__WHAT YOU HAVE TO DO__
From the line containing "세 번째 사람 많은 술집에서" through the last line of the data, both ends included, write out every line exactly; omit the pictures.

__COLLECTED DATA__
----

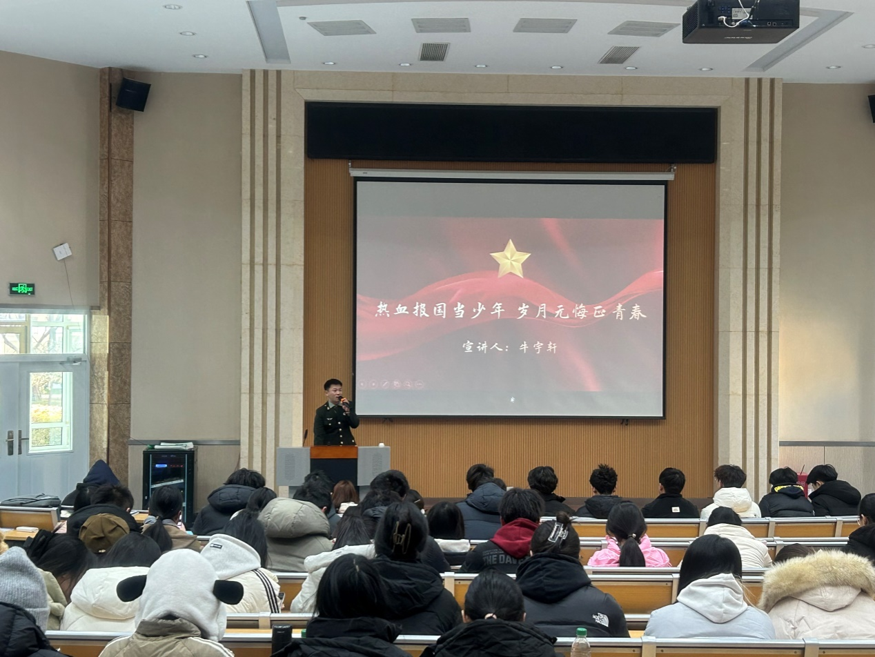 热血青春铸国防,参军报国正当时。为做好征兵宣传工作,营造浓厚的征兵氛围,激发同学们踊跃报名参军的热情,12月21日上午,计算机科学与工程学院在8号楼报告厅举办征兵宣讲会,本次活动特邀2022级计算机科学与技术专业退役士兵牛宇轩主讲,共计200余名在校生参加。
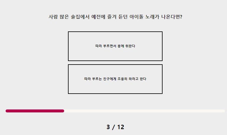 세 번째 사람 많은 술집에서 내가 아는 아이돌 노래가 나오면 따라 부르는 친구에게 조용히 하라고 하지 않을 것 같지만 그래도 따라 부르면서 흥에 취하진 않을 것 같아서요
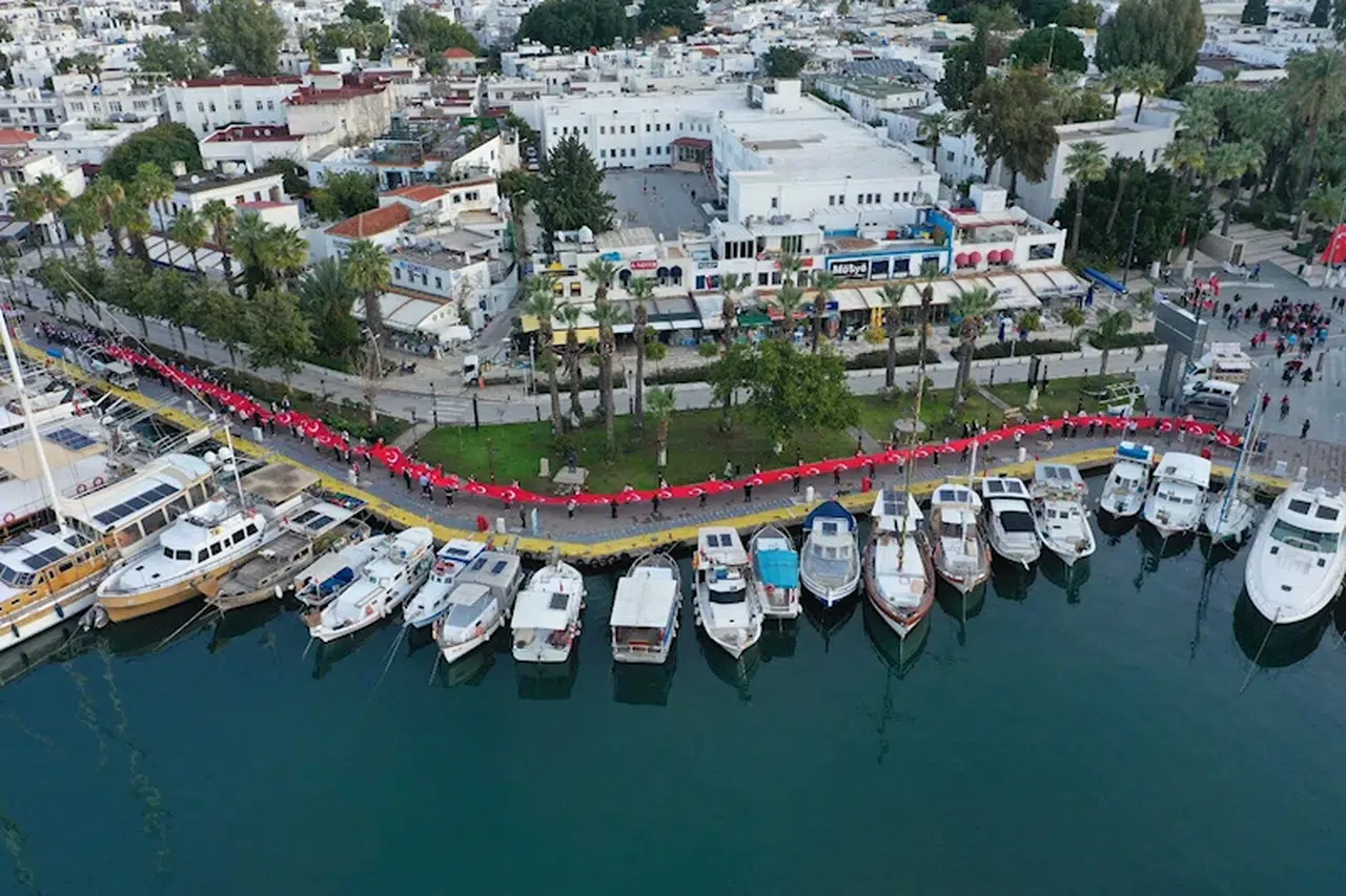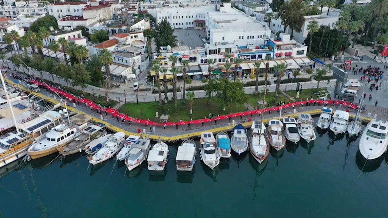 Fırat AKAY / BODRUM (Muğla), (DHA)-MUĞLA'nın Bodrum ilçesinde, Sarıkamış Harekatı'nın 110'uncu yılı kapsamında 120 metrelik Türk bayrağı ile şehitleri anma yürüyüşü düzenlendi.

----

__ANSWER BELOW__
 세 번째 사람 많은 술집에서 내가 아는 아이돌 노래가 나오면 따라 부르는 친구에게 조용히 하라고 하지 않을 것 같지만 그래도 따라 부르면서 흥에 취하진 않을 것 같아서요
 Fırat AKAY / BODRUM (Muğla), (DHA)-MUĞLA'nın Bodrum ilçesinde, Sarıkamış Harekatı'nın 110'uncu yılı kapsamında 120 metrelik Türk bayrağı ile şehitleri anma yürüyüşü düzenlendi.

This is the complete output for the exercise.